● **Task**: Omit the pictures and print exactly the lines of the listing below, starting at the first and ending at the line containing "Uma das pinturas".

● **Collected data**:
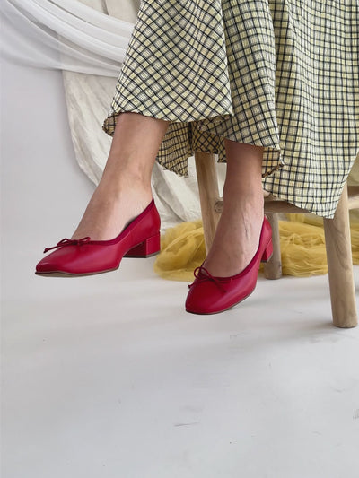 Bailarinas de mujer con un tacón de 3 cm perfectos para usar en el día a día o en eventos más formales. Están hechas en piel de la mayor calidad y tienen un lazo en el empeine. El piso está fabricado en material sintético antideslizante y cuenta con un diseño especial de miMaO para garantizar la estabilidad. Cuenta con una tachuela, en el lateral exterior del zapato.
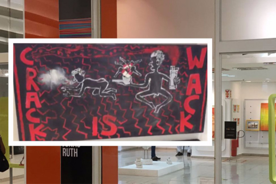 Uma das pinturas retrata dois usuários de drogas nus em um fundo preto, com os dizeres "Crack is Wack" (o crack é loucura), enquanto utilizam entorpecentes.
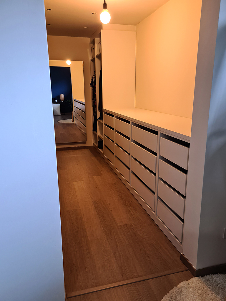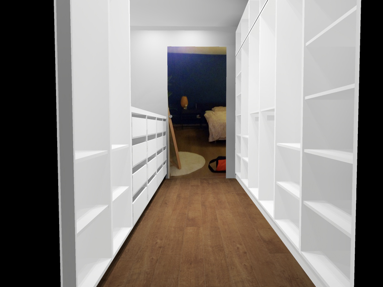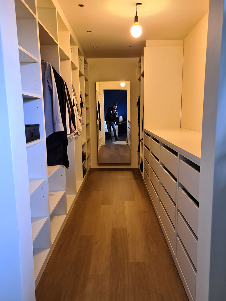 Een dressing of inloopkast is de ideale plaats om kledij netjes op te bergen en kan geïntegreerd worden in de slaapkamer. Met een dressing ‘op maat’ win je bovendien ruimte, omdat je elke ‘verloren’ cm van de kamer kan benutten. Ook een ongebruikte ruimte in je huis kan omgebouwd worden tot een mooie en praktische dressing. Zo bood een kleine, aanpalende kamer hier de mogelijkheid om - naast de slaapkamer van het koppel - de droom van een eigen dressing te realiseren. Ondanks de smalle ruimte konden we, door middel van brede lades en kasten aan beide kanten, toch voldoende kastruimte voorzien.

● **Answer area**:
 Bailarinas de mujer con un tacón de 3 cm perfectos para usar en el día a día o en eventos más formales. Están hechas en piel de la mayor calidad y tienen un lazo en el empeine. El piso está fabricado en material sintético antideslizante y cuenta con un diseño especial de miMaO para garantizar la estabilidad. Cuenta con una tachuela, en el lateral exterior del zapato.
 Uma das pinturas retrata dois usuários de drogas nus em um fundo preto, com os dizeres "Crack is Wack" (o crack é loucura), enquanto utilizam entorpecentes.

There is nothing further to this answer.